= John Phillips (fl. 1570–1591) =

English writer and poet

John Phillips (fl. 1570–1591) was an English writer and poet.

He was educated at Queens' College, Cambridge but took no degree. He was a student of the classics, but in one place he describes himself as "student in divinitie" and in another as "preacher of the Word of God". He inclined to puritanism, and was patronised by noble ladies of known puritan proclivities. It is doubtful if he were a beneficed clergyman.

To A Sermon of Calvin … upon Heb. xiii. 13 (London, 1581), Phillips appended An Answere to the Slanders of the Papistes against Christe's Syllie Flock … quod J. P., and to George Gascoigne's Dromme of Doomes Daye, he added A Private Letter the which doth teach Remedies against the bitternesse of Death, by I. P. to his familiar Friend, G. P..

On the Stationers' Registers appear entries of two books by Phillips, not otherwise known: Precious Pearles of perfecte Godlines to be used of every faythfull Xpian, begonne by the Lady Fraunces Aburgavenny, and finished by John Phillip (7 December 1577) (Lady Abergavenny was first wife of Henry Neville, lord of Abergavenny, and daughter of Thomas Manners, 1st Earl of Rutland); and The Rudimentes of Reason gathered out of the Preceptes of the worthie and learned Philosopher Periander, by John Philips, Student in Divinitie (26 April 1578). Abraham Fleming, in his Bright Burning Beacon (1580), mentions "John Philippes" among those who wrote on the earthquake of 6 April 1580, but no book by Phillips on this topic is accessible.

Phillips was equally energetic as a writer of elegiac verse, and he is responsible for the four epitaphs, published in single folio sheets, all extant in unique exemplars, which respectively celebrated the wife (d. 7 July 1570) of Alexander Avenet, lord mayor of London (London, by Richard Johnes), in the Huth Library; Alderman Sir William Garrat (d. 27 September 1571), London (by Richard Johnes), at Britwell; Margaret Douglas, countess of Lennox (d. 9 March 1577–8), London (for Edward White), at Britwell; Henry Wriothesley, 2nd Earl of Southampton (d. 4 October 1571), in the Huth Library.

==Works==
- A Friendly Larum or Faythfull Warnynge to the True-harted Subiectes of England.
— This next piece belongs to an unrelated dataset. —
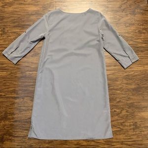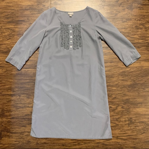 J. Jill Button Ruffle Front Shirt Dress Size XS Gray. 67% Modal 33% Polyester. Sleeves can be worn rolled up or down.

Discoueryng the Actes and Malicious Myndes of those obstinate Papists that hope (as they term it) to haue theyr Golden Day [1570] n.d.
- A Balad intituled “A cold Pye for the Papistes.” n.d.
- A Fruitfull Exhortation given to all Godly and Faithfull Christians n.d.; dedicated to Lettice, countess of Leicester.
- A rare and strange Historicall Nouell of Cleomenes and Sophonisba surnamed Juliet. Very pleasant to reade (1577), dedicated to George Fiennes, lord Dacre.
- A Commemoration of Margaret Douglas, Countess of Lennox (1578).
- The Wonderfull Worke of God shewed upon a Chylde, whose Name is William Withers, being in the Towne of Walsam … Suffolk, who, being Eleuen Yeeres of Age, laye in a Traunce the Space of Tenne Days … and hath continued the Space of Three Weeks (1581), dedicated to Edward Denny.
- The Life and Death of Sir Phillip Sidney, late Lord Gouernour of Flushing. His Funerals solemnized in Paules Churche, where he lyeth interred; with the whole Order of the Mournfull Shewe as they marched throwe the Citie of London on Thursday, the 16 of February 1587, dedicated to the Earl of Essex.
- The Perfect Path to Paradice, containing divers most ghostly Prayers and Meditations for the Comfort of Afflicted Consciences … also a Summons to Repentance (1590), dedicated to the Earl of Essex.
- A Commemoration of the Life and Death of Sir Christopher Hatton, knight, Lord Chancellor of England (1591).